Batdorf, a St. Petersburg native, made the announcement in an interview with a Tallahassee-based political publication and frames his candidacy around a simple argument: the people currently running the city are career politicians, and career politicians are not delivering results.

“We have several members that are running that are career politicians,” Batdorf said. “We don’t need career politicians anymore. It’s not working for us.”

The field is already crowded. City Council member Brandi Gabbard has launched her own mayoral campaign, positioning herself as the insider who knows how to get things done. Former St. Petersburg Fire Chief Jim Large has filed. Perennial contenders Paul Congemi and Maria Scruggs are also in. And former Gov. Charlie Crist looms over the race without having officially filed, though a political action committee backing a potential Crist campaign has already cleared $1 million in fundraising. That kind of money before a formal announcement signals serious intent and will likely reshape the dynamics of the race once Crist makes a decision.

Batdorf is not waiting around to see how the field settles. He is running on infrastructure, storm preparedness and what he calls the city’s failure to plan ahead. His critique of the Welch administration’s hurricane response is pointed.

“The city’s response to recent natural disasters exposed a lack of preparation and planning,” Batdorf said in a press release. “The administration was not ready for the aftermath, and many of the measures taken were reactive and poorly executed, including debris removal and permitting processes.”
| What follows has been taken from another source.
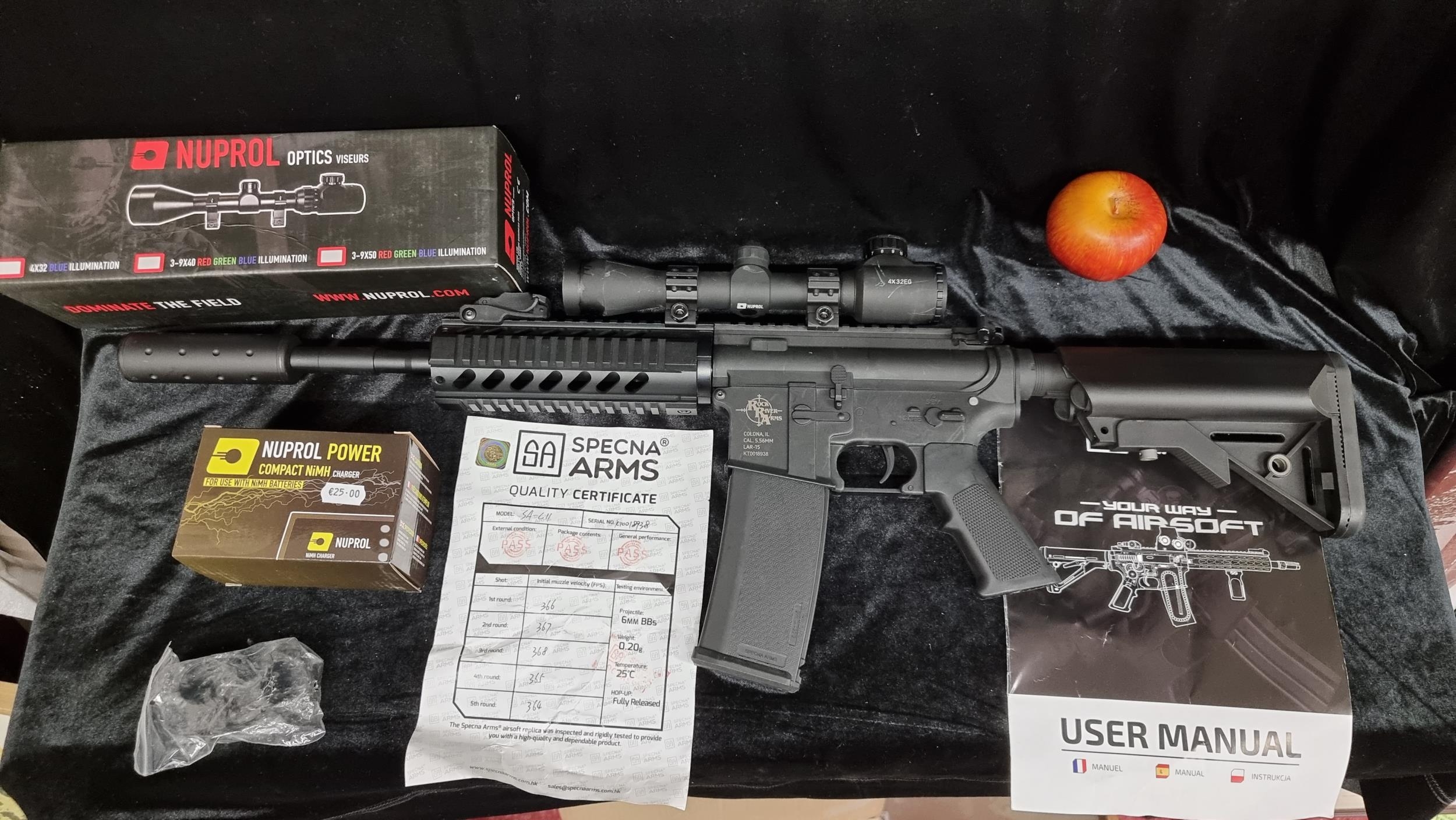 Star Lot : A high value Air Soft gun by SPECNA INDUSTRIES,. A detailed replica of an AR15 Rifle. 5.56mm x 45. With Nuprol Power Charger and a Nuprol optics Viseurs. Very heavy with a super power scope. Its working and firing away. Originally cost €500 according to vendor. Has a very good quality gun sight.

Anyone who lived through the aftermath of recent storm seasons in Pinellas County will recognize those complaints. Debris sat in neighborhoods longer than it should have. Permitting moved slowly when residents needed to move fast. These are not abstract policy debates for the people who went through them.

Batdorf also takes direct aim at the city’s proposal to put a $600 million infrastructure bond on the November ballot. He does not dispute that St. Petersburg has serious infrastructure needs. He disputes whether this is the right way to address them, and whether voters will support it under current political conditions.

“When you drive down a road, there’s potholes. It doesn’t matter where you’re going throughout the city. Why aren’t they being addressed properly?” Batdorf said.

His skepticism about the bond measure is rooted in a specific political reality. The state is expected to put a property tax cut or reform measure on the same November ballot. Asking St. Petersburg voters to approve higher city taxes on the same ballot where the state asks them if they want to cut their taxes strikes Batdorf as a losing proposition, and he may not be wrong about the politics of that.

“You’re going to put a GO bond, asking people to pay higher taxes, when there’s going to be another measure from the state asking people if they want to get rid of their taxes? It will never go. It won’t work. We need to find alternative sources for funding the projects,” he said.

That is a substantive argument worth watching as the campaign develops. If Crist enters and dominates the fundraising conversation, and if Gabbard consolidates support from city hall insiders, candidates like Batdorf will need to convert neighborhood-level credibility into something that moves voters across the whole city. His Shore Acres base and his real estate background give him roots in the community, but a $1 million PAC has a way of drowning out voices without comparable resources.

St. Petersburg’s mayoral election will test whether the anti-career-politician message that has worked in national races can translate to a mid-sized Florida city with specific, expensive infrastructure problems. Batdorf is betting it can.